As Monash City Council tries to manufacture consent to tax buildings through council rates, the same idea looks set to be dumped in Tasmania and has just been pilloried in the local press in WA.

Strictly speaking, the systems under attack in Tasmania and WA are based on the rental value of the property, including the land and building(s); this is called the “assessed annual value” (AAV) in Tasmania and the “gross rental value” (GRV) in WA. The system proposed in Monash uses the “capital-improved value” (CIV), which is a purchase price rather than a rental value. But the difference is of no consequence; in all cases the rates bill is proportional to the value of the property, including the building(s), and in all cases the proportionality factor (the “rate in the dollar”) is determined by working backwards from the required total budget.

In contrast, the existing system in Monash levies rates on the “site value”, which is the value of the land alone (including airspace and building rights attached thereto, but excluding actual buildings).

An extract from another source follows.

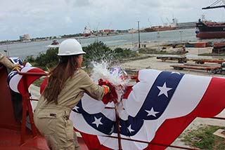 Crowley is among a small but growing group of U.S. operators who have adopted or are positioning themselves for LNG propulsion, to take advantage of lower emissions and low fuel costs. At the Florida christening representatives from Crowley and SeaRiver Maritime, Houston, which is chartering the vessel, watched Doris Evans, wife of Eric Evans, vice president, planning for Crowley’s petroleum services group, break the champagne bottle.

“TASMANIAN home owners can expect a more equitable council rates system to be operating by next year,” said the Sunday Examiner on August 16. “It is understood that state and local government heavyweights have held top-level talks and agreed to throw out the much-criticised Assessed Annual Value system that has led to wild variances in rates caused by the property boom.”

Eh? Wasn’t it because of those wild variances in rates that Monash allegedly had to adopt CIV? Yes, it was.

And what system is Tasmania proposing to adopt? The Examiner continues: “It is expected that Tasmania will redraft the Local Government Act and that council rates from next financial year will be flattened and based on land value…”

But isn’t the Monash system based on the land value? Yes. With a flat rate? Yes. And doesn’t Monash regard the opportunity to have “differential rates”, instead of a flat rate, as one of the attractions of CIV? Yes. Indeed, didn’t the Victorian Parliament allow such differentials only for CIV in a blatant attempt to induce Councils to adopt CIV? Yes.

Could I make this up? No!

The Tasmanian experience indicates that if wild variations in rates bills are the problem, CIV is a less-than-satisfactory solution.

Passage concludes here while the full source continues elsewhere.